Little Rabbit

Jane McNulty
Small Mercies Productions
Quaker Meeting House

Little Rabbit

Little Rabbit is a play that manages to consistently surprise and mystify as it reveals more about itself. Staged on a set that consists of half a staircase and a single chair, the audience finds Susan. She's all clad in pink, a colour that she loves, and is more than a little obsessed with being a good girl. There's a flood outside, the heavy rains don't seem to be stopping any time soon and Dad has been asleep in his chair a long time. And piece by piece, through her occasionally almost circular chatter, we learn about this young girl, who may not be quite as young as she sounds, and lives with many secrets she doesn't understand.

It's not long into the play when the first hints that Susan's story might be somewhat darker than at first imagined begin to appear. But the script by Jane McNulty has enough twists, turns and tangents that manage to spool out the narrative in ways that stop the audience feeling like they're being dragged out. The constant turning of the screw, as new hints of strange events are dropped, as well as an ongoing concern over some ducks swimming on the flooded road, ensure things never get dull. The engagement is also, in no small way, due to Bill Hopkinson's fine direction, and lone actress Deborah Pugh, who has wowed Fringe audiences in her various performances with Theatre Ad Infinitum.

In the wrong hands, a performance such as this could come off terribly. But as a Lecoq trained performer, Pugh jaunts and flails in an uncanny childlike fashion, all elbows and knees and unspent energy. Her mannerisms never feel forced and she clambers and clings to the banister and steps of the set with a practised familiarity that feels truly lived-in. She also deftly balances a vocal performance that has the requisite childlike qualities, despite coming from the vocal chords of a grown woman. In short, it's an absolutely absorbing performance and, as she winds through McNulty's unravelling mystery, it's impossible not to be drawn both into the story and into investing emotionally in Susan's plight.
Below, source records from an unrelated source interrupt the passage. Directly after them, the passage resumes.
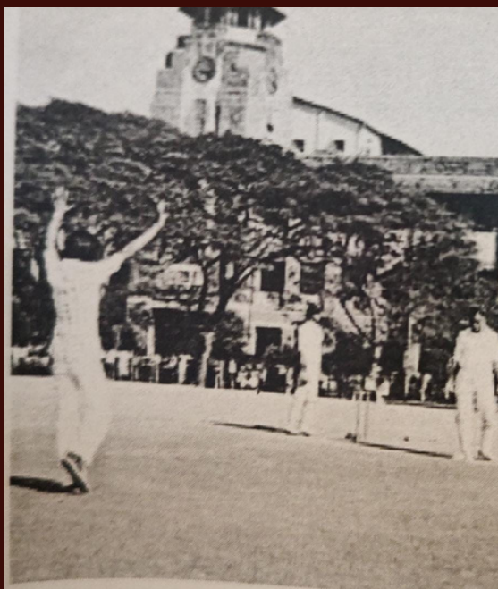
Students playing cricket in Gymkhana grounds
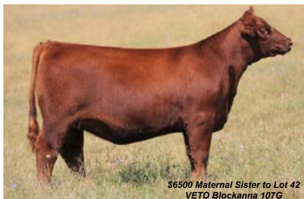
$6500 Maternal Sister to Lot 42 VETO Blockanna 107G

PE Diamond P Fletch F804 # 4017524 since 1-11-2021
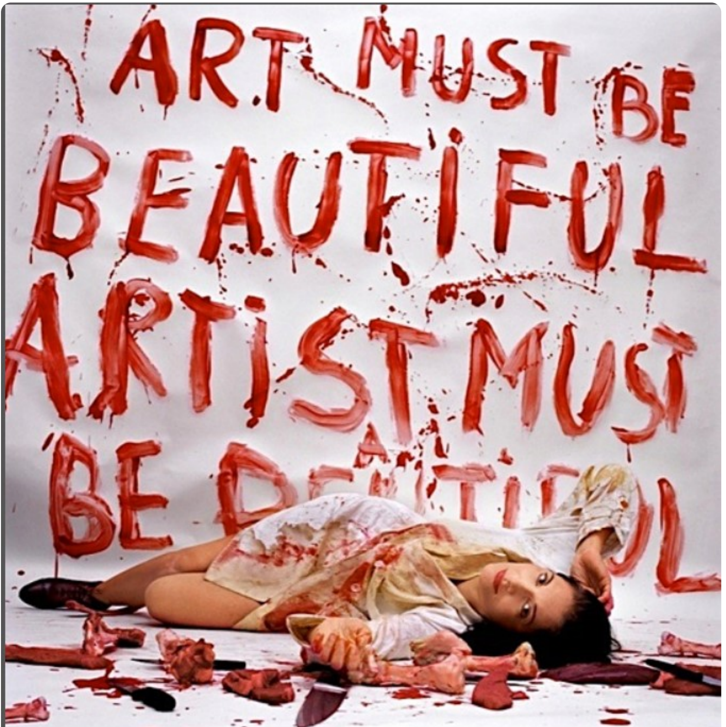
"Art Must Be Beautiful, Artist Must Be Beautiful." Photo commemorating Abramović's 1975 performance piece of the same name.

https://art-for-a-change.com/blog/2017/05/spirit-cooking-with-marina-abramovic-the-first-cut-is-the-deepest.html
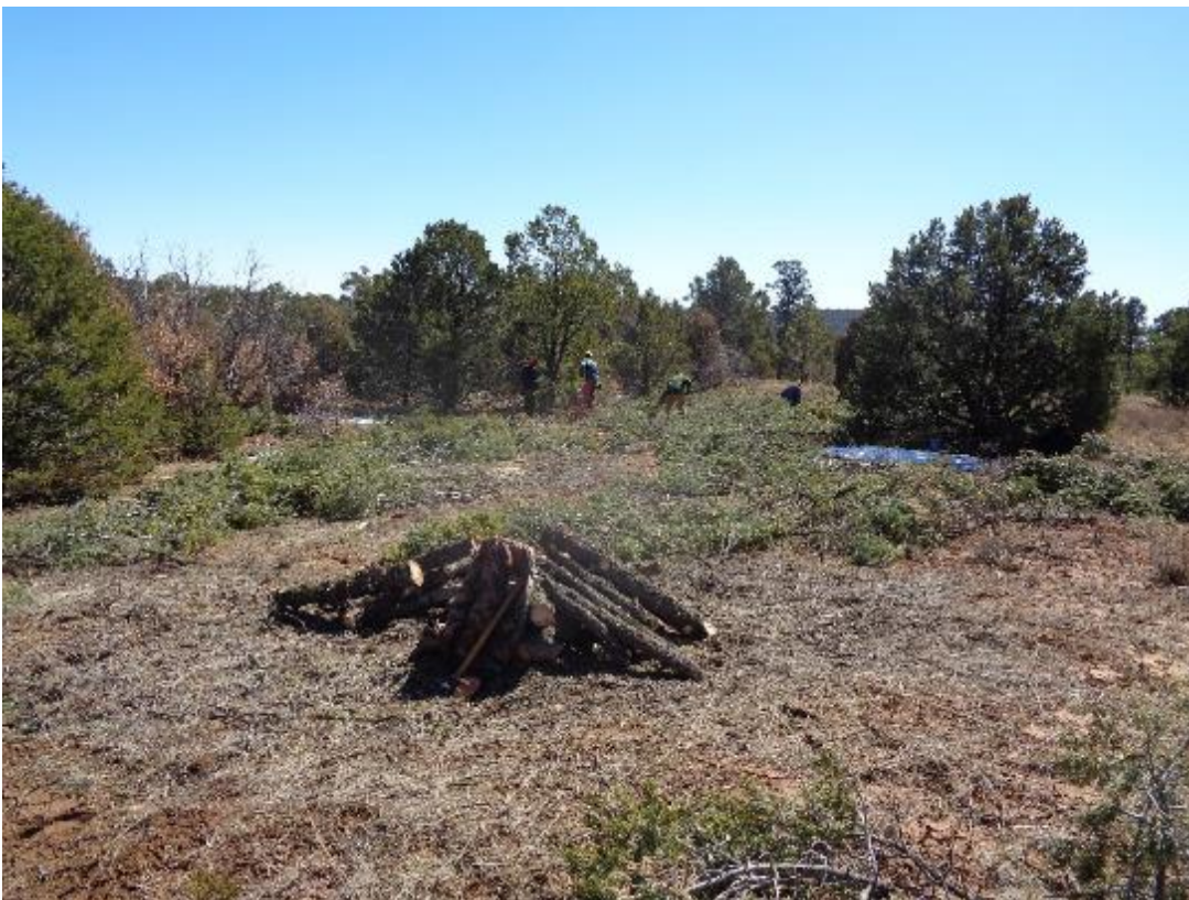
Volunteers thinning the Cedro CFRP area in the fall (Top 11-19-19) and spring (Bottom 3-4-20).
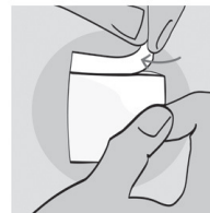
Figure 1: Opening the sachet.

Tear across the sachet to open (Figure 1) and unfold the wipe inside; do not use any tool to open the sachet.
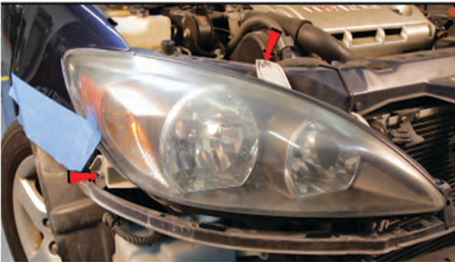
7) Remove [2x] 10mm bolts securing the headlight.
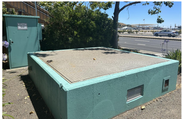
Pump Station 20

New electrical control panels, communications equipment, and flow meters will improve reliability of the lift stations and allow for faster response times to issues at each station. Electric and mechanical equipment for this project is scheduled for delivery over the next month.
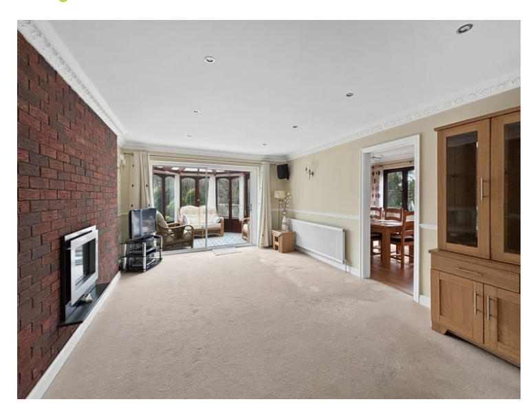
18'\,3'' \times 12'\,0'' (5.56m x 3.66m) Double glazed patio doors opening onto conservatory, inset spotlights, two radiators, feature wall with fireplace.
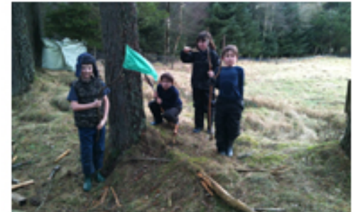
Gathering for an impromptu parade!
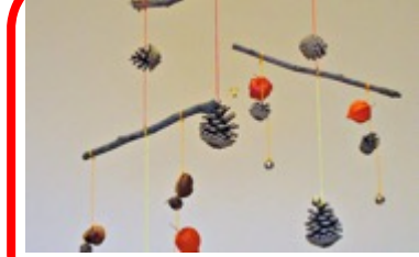
Create a nature mobile
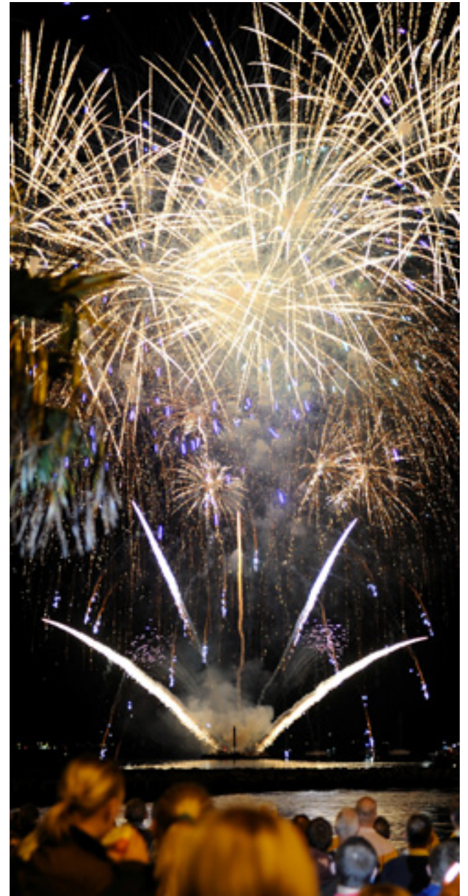
Summer brings a whole spectacle of events to Poole Quay. Enjoy stunning weekly firework displays, live entertainment and the breathtaking views across the harbour
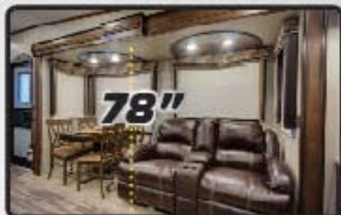
78" TALL MAIN SLIDE-OUTS W/ PANORAMIC WINDOWS
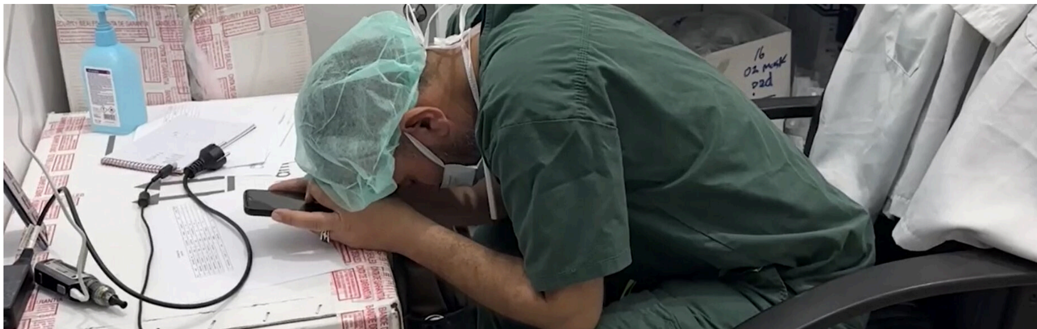
An overwhelmed medical worker in Gaza rests his head in his hands.
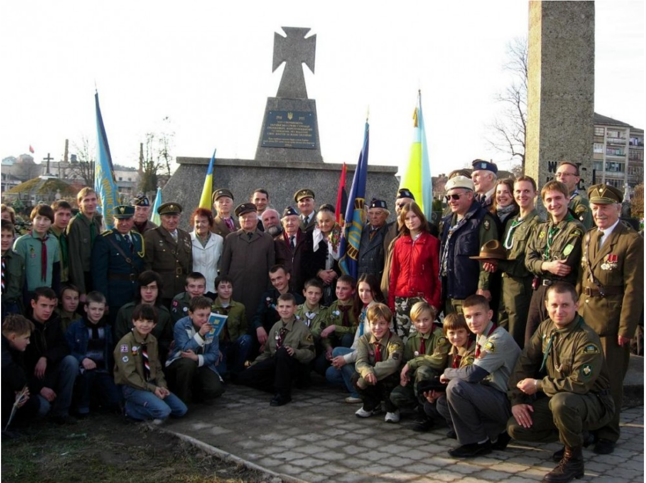
Reunion of SS and UPA Nazi collaborators and their supporters in 2006 in the Ukraine. Civilisation Ukrainian-Style: Vandalising the Memorials to the Soldiers of the Anti-Hitler Coalition

http://02varvara.wordpress.com/2008/11/28/civilisation-ukrainian-style-vandalising-the-memorials-to-the-soldiers-of-the-anti-hitler-coalition/

There's no avoiding that this is, ultimately, a very dark play. The creeping dread, as well as the ticking clock of the slowly flooding house, keeps the tension constantly rising like the muddy waters. But it's the unspoken details that the audience must fill in with their minds that will make or break it for each individual; that and the choice to opt for a moment of audience inclusion late on, which could, depending on the wit and engagement of the participant, scupper the entire show. It's a brave choice, in a bold play, that will have you entranced from the start and leave you shaken and horrified.